• [YOUR TASK]
Below, locate the line that contains "- Design sûr". Repeat exactly from that line to the line that contains "The inflammatory index", inclusive, leaving out the pictures.

⟨

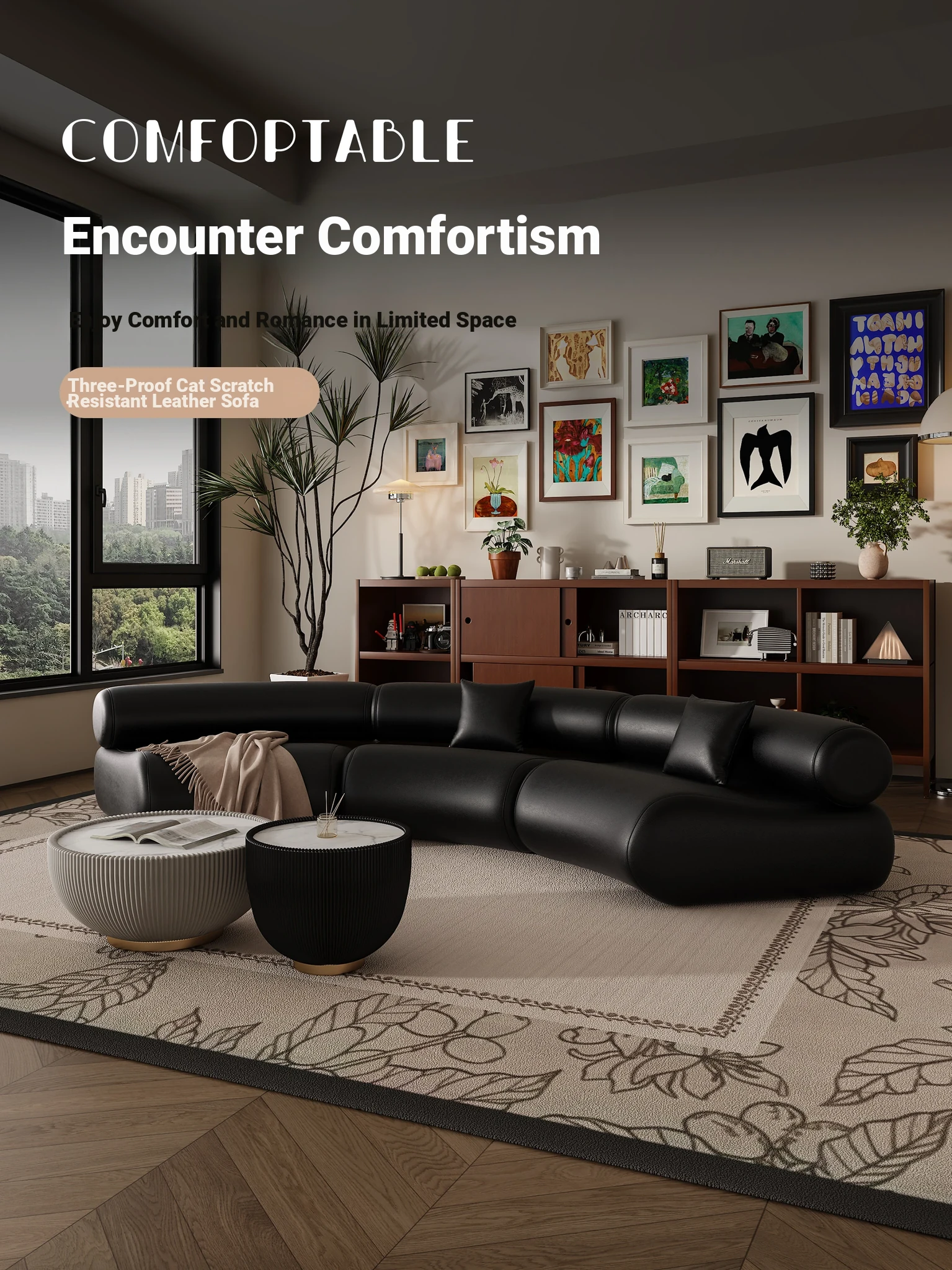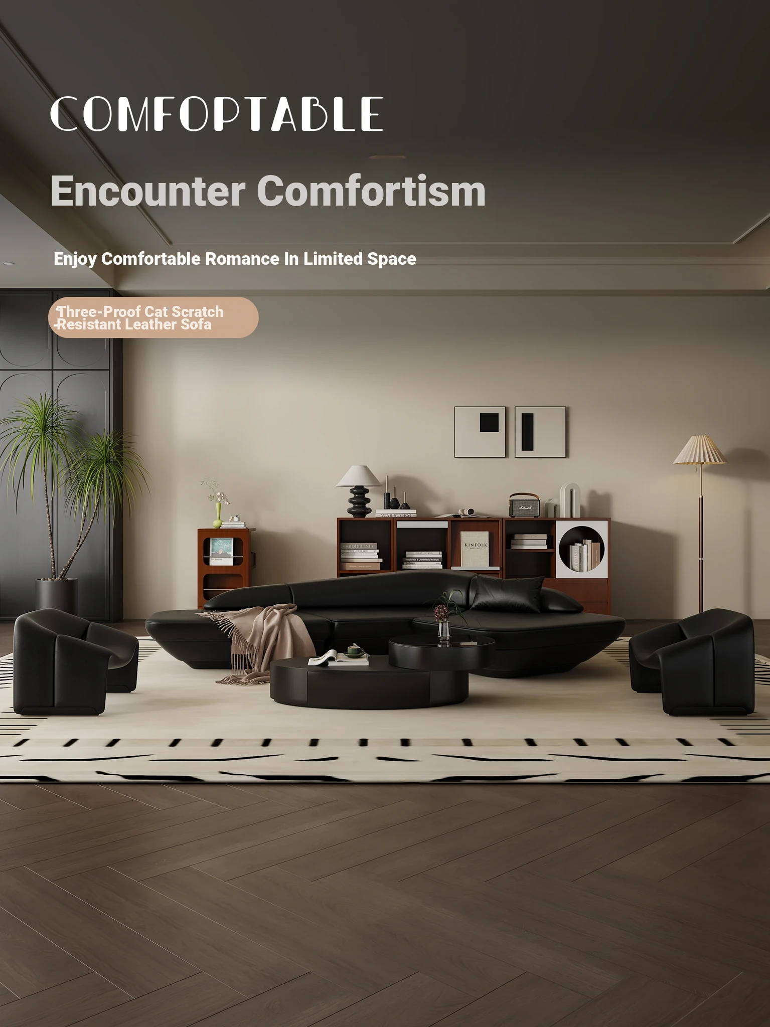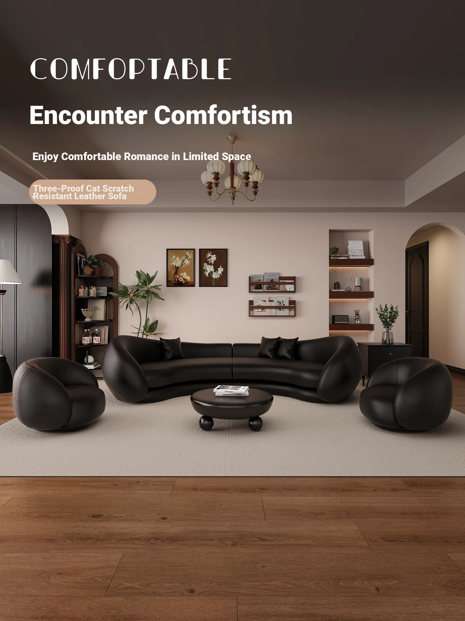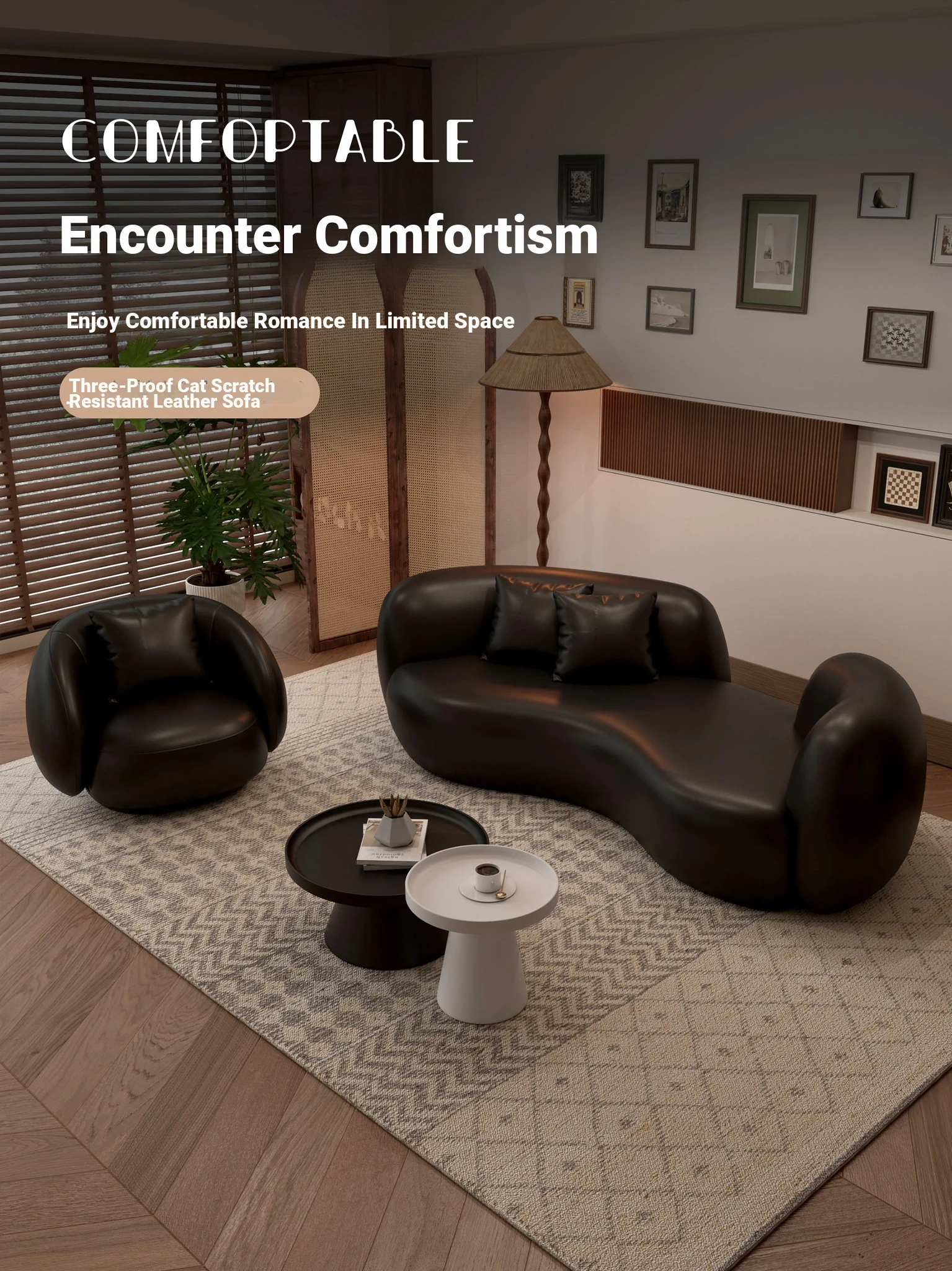 Luxury Curved Leather Reception Sofa Set for Real Estate Offices - Elegant Coffee Table Combination for Hotel Lobbies and Beauty Salons, Perfect for Waiting Areas and Client Meetings
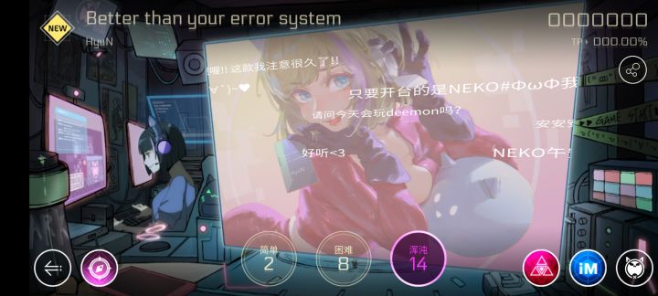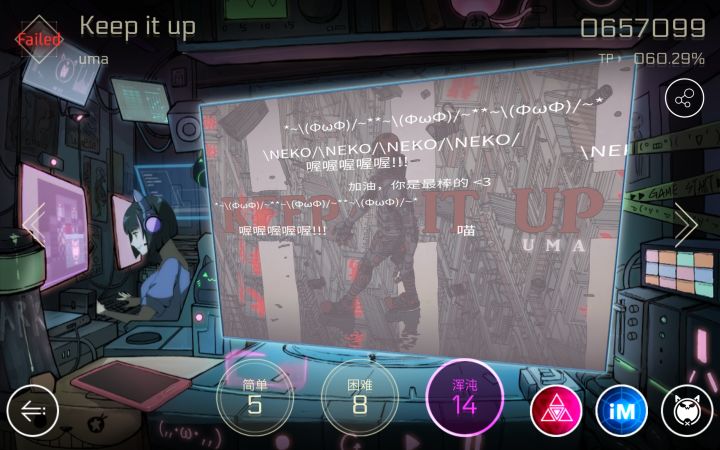 那是什么问题?打歪了呗!我真的觉得让我这个连宇宙交互都没打上过几次,就算是翡翠鸡的稍微带点位移的交互都能漏的菜鸡来讲怎么面对note的横向位移,活像一个🤡。不过现在我有在练啦,虽然宇宙交互还是不怎么行,但是一些稍微带一点位移的谱面已经有一点心得了,比如以出张作为主要特点的liberation绿谱,今天已经打到9911了。3.9更新之后跟声对线了好多次,问题是太不稳定了,你们敢信,我最好的成绩
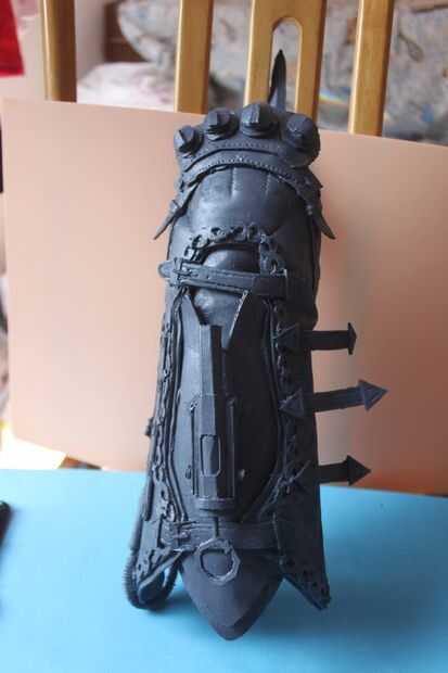 Pruebo pintado la parte de nudillo al principio... el cuero profundidad de color fue alcanzado por gruesas capas de pintura acrílica... pero grietas a flexión... así que me Consejo para mantener menos de 5 capas en la parte de espuma.
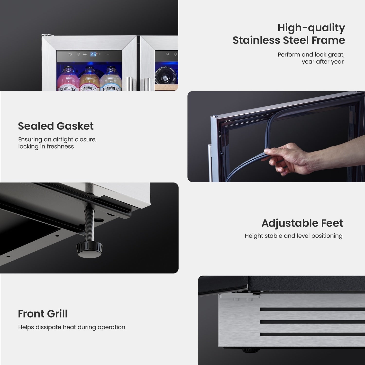- Design sûr et élégant : la construction en verre résistant aux UV et en acier inoxydable assure une grande durabilité. Ce refroidisseur à vin et autres boissons s'intègre également à n'importe quel décor grâce à son design épuré.
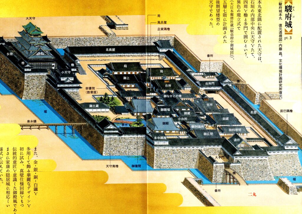城マニアは、こんな楽しみ方をします。私も加藤理文氏の文章を楽しんでいます。歴史家の加藤氏に古建築の技術がわかることはありえません。美しい天守の絵を描く中村泰朗氏を誉めたたえ、内藤昌先生の家康の駿府城復元を全く俎上に載せずして、加藤氏自らが、家康の駿府城の下に遺跡として眠る中村一氏の駿府城を妄想しています。
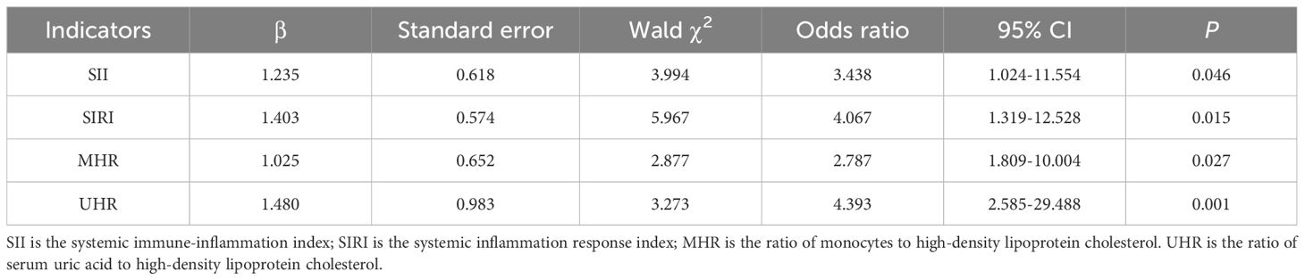 The inflammatory index calculation: SII= neutrophil count (×109/L) ×platelet count (×109/L)/lymphocyte count (×109/L); SIRI =neutrophil count (×109/L) × monocyte count (×109/L)/lymphocyte count (×109/L); UHR = SUA (umol/L)/HDL-C (mmol/L) ratio; MHR =monocyte (×109/L)/HDL-C (mmol/L) ratio;
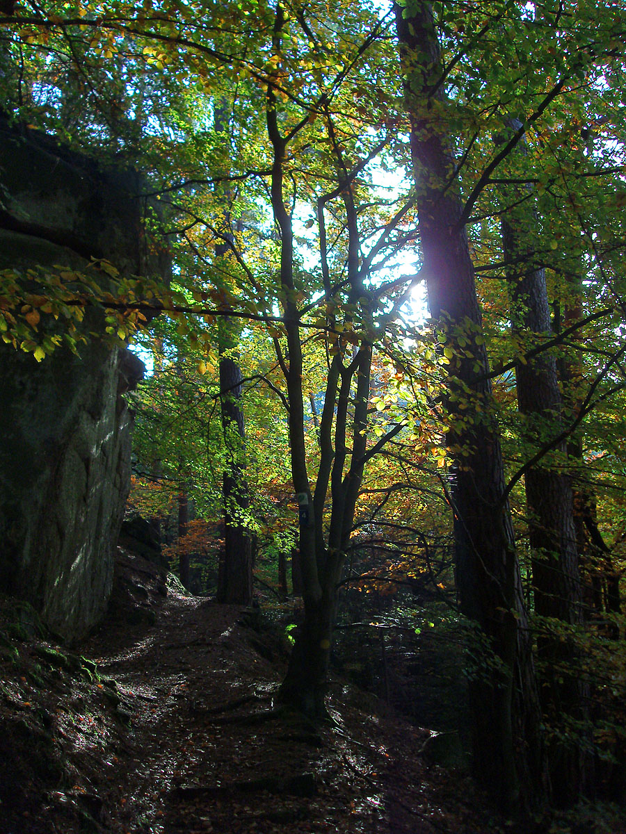 Bunte Pfade an den FelsenDa ich zwei Teilpassagen dieses Rundweges von meinen Touren aus August kannte und wusste, dass diese über viele Pfade führen, glaubte ich nicht daran, dass wir das in dieser Zeit schaffen würden, zumal Marion noch die Tour von Gestern in den Knochen steckte. So wollten wir es langsam angehen lassen und auf der Wanderkarte habe ich vorab schon ein paar Stellen zum abkürzen herausgesucht.
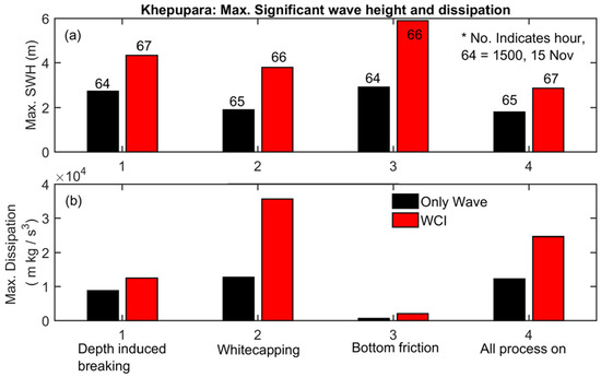 Thus, the higher amplitudes of the maximum SWH and wave energy dissipation at Khepupara result from increased effective wind stress and increased wave steepness, respectively. The opposite directions of current and wind increase the effective wind stress, which results in higher generation of wind-driven waves. Conversely, the opposite directions of waves and current increase the wave energy and also result in increased wave steepness. Higher wave energy causes a higher magnitude of wave energy dissipation (due to the wave energy term in all the dissipation equations, Equation (10)). Finally, the dissipation related to the whitecapping term in Equation (7) is more sensitive than the dissipations related to the depth-induced breaking and the bottom friction during a cyclone-induced storm-surge event at Khepupara. The wave–current interaction plays a significant role in estimating wave energy dissipation and significant wave height.

⟩

• [TASK OUTPUT]
- Design sûr et élégant : la construction en verre résistant aux UV et en acier inoxydable assure une grande durabilité. Ce refroidisseur à vin et autres boissons s'intègre également à n'importe quel décor grâce à son design épuré.
城マニアは、こんな楽しみ方をします。私も加藤理文氏の文章を楽しんでいます。歴史家の加藤氏に古建築の技術がわかることはありえません。美しい天守の絵を描く中村泰朗氏を誉めたたえ、内藤昌先生の家康の駿府城復元を全く俎上に載せずして、加藤氏自らが、家康の駿府城の下に遺跡として眠る中村一氏の駿府城を妄想しています。
 The inflammatory index calculation: SII= neutrophil count (×109/L) ×platelet count (×109/L)/lymphocyte count (×109/L); SIRI =neutrophil count (×109/L) × monocyte count (×109/L)/lymphocyte count (×109/L); UHR = SUA (umol/L)/HDL-C (mmol/L) ratio; MHR =monocyte (×109/L)/HDL-C (mmol/L) ratio;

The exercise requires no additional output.